I think he is going to be waiting FOREVER! The thing is that no one person is perfect. Ever. Every person will hurt us and disappoint us and anger us whether it is a lover, boss, friend, child, parent, relative, etc. The key is that we have to find the person willing and able to make us more happy and better off over time with them than we would be by ourselves.

If he is looking for perfect, he isn't going to find it. And perhaps that is why he is still single after 45 years. I mean, there are wonderful women everywhere. I think it is a big mistake to think you are that much better than someone else. It is all about timing, really. I do know of men who married after 40 or 50 so it is not like it CAN'T happen - but it is more like you don't want to waste 5 years and then have to start all over if it is your goal to be married with a family.

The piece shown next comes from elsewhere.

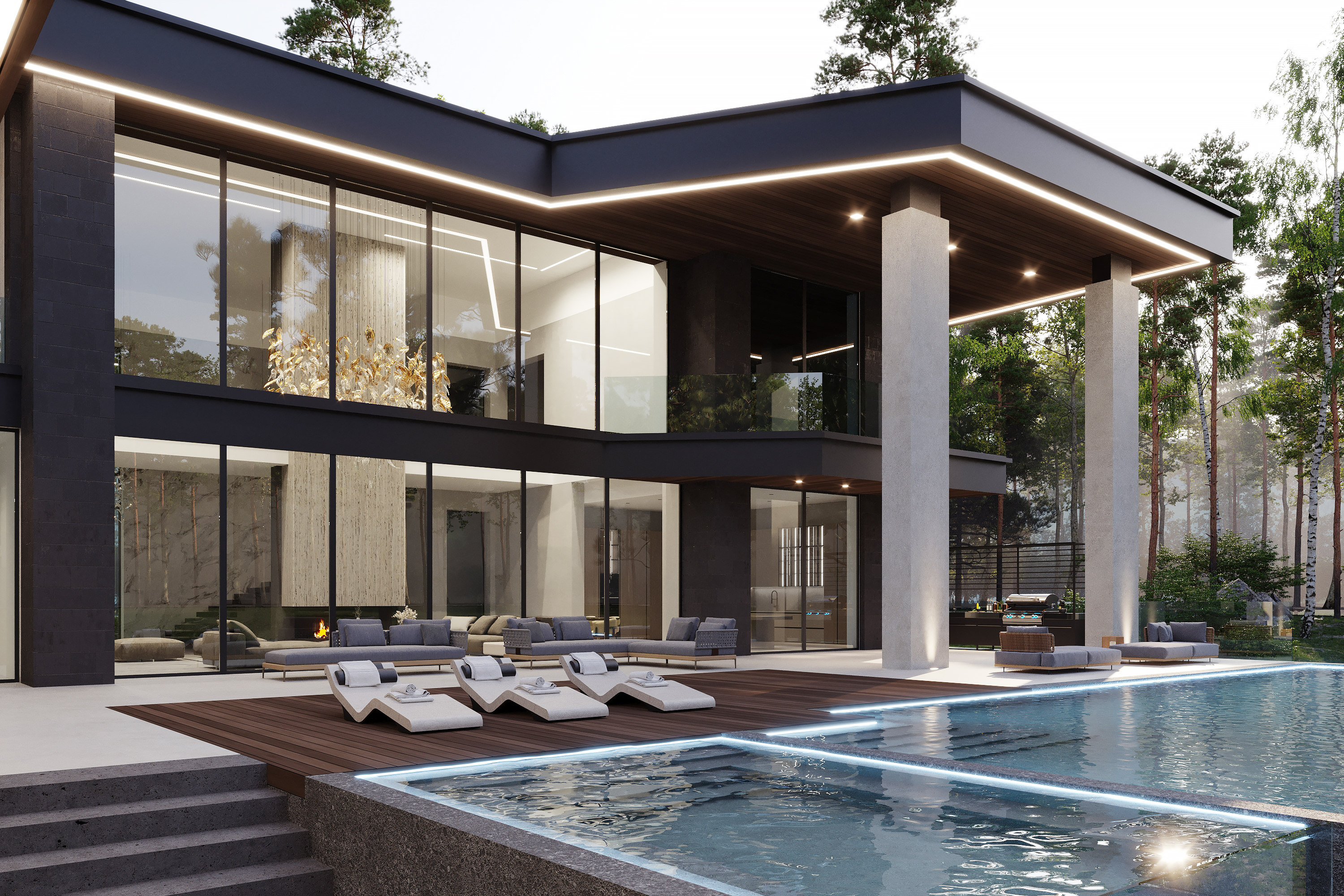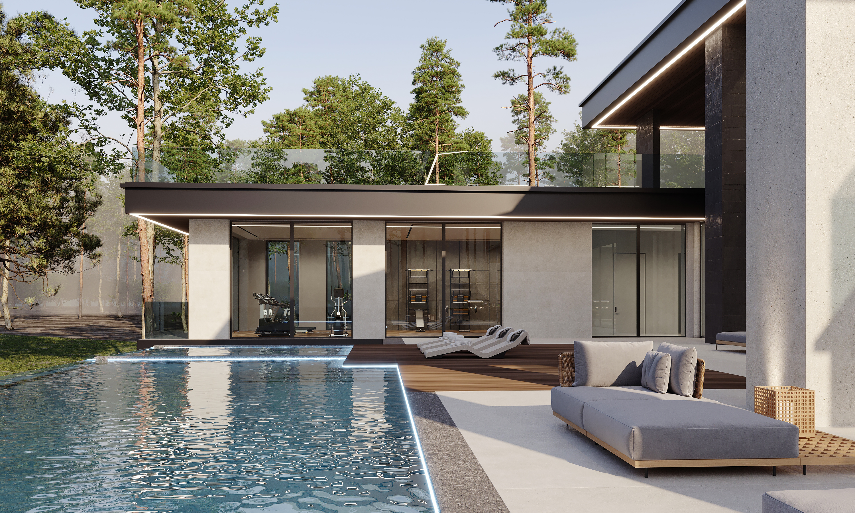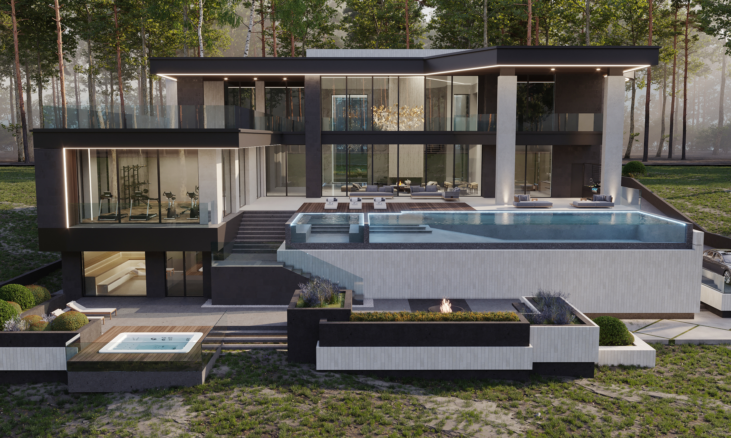 Центральным элементом композиции выступает просторная терраса с эффектным бесконечным бассейном, создающим визуальное продолжение горизонта. Уровневая организация территории обеспечивает плавный переход между зонами отдыха — от уютного спа-пространства и сауны до открытых лаундж-зон у воды.

Reminds me of my old boss who is looking for the perfect place to open his own dream business. 20 years have gone by and he has never found it and is still in the same job as when I was there. And still saying he wants to open his own business.

People just don't change all that much.

The thing that bothers me the most is the exclusivity thing. But I think you have managed that quite well with making other plans for your birthday. You did absolutely wonderful wonderful with that. I mean what better birthday present to give yourself than to have a new date!! And I also think it is great that you are not telling the date it is your birthday!! It is all about you - which is the way it should be. I meant to tell you that in response to your news about your bday - so if I did and this is repetitive, please forgive. But if not then that is good, too.

iVillage Member
Registered: 10-30-2004
Tue, 12-05-2006 - 8:35am
I was just having this discussion with my guy a couple weeks ago. I told him that I wasn't perfect and that I'm too tired to try!! There's simply just no time for it. There are fundamental thing that I can't change about me and he simply has to accept it or move on. If there's something that I'm doing wrong, yeah I want to discuss it and work on it to better the relationship, but if he's looking for me to be willing to ask "how high" when he says "jump", he's barking up the wrong tree. And I won't be made to feel inferior to other women. I won't compete. I can't. I like who I am and how far I've come and am comfortable in my own skin and don't want to feel inferior. Period.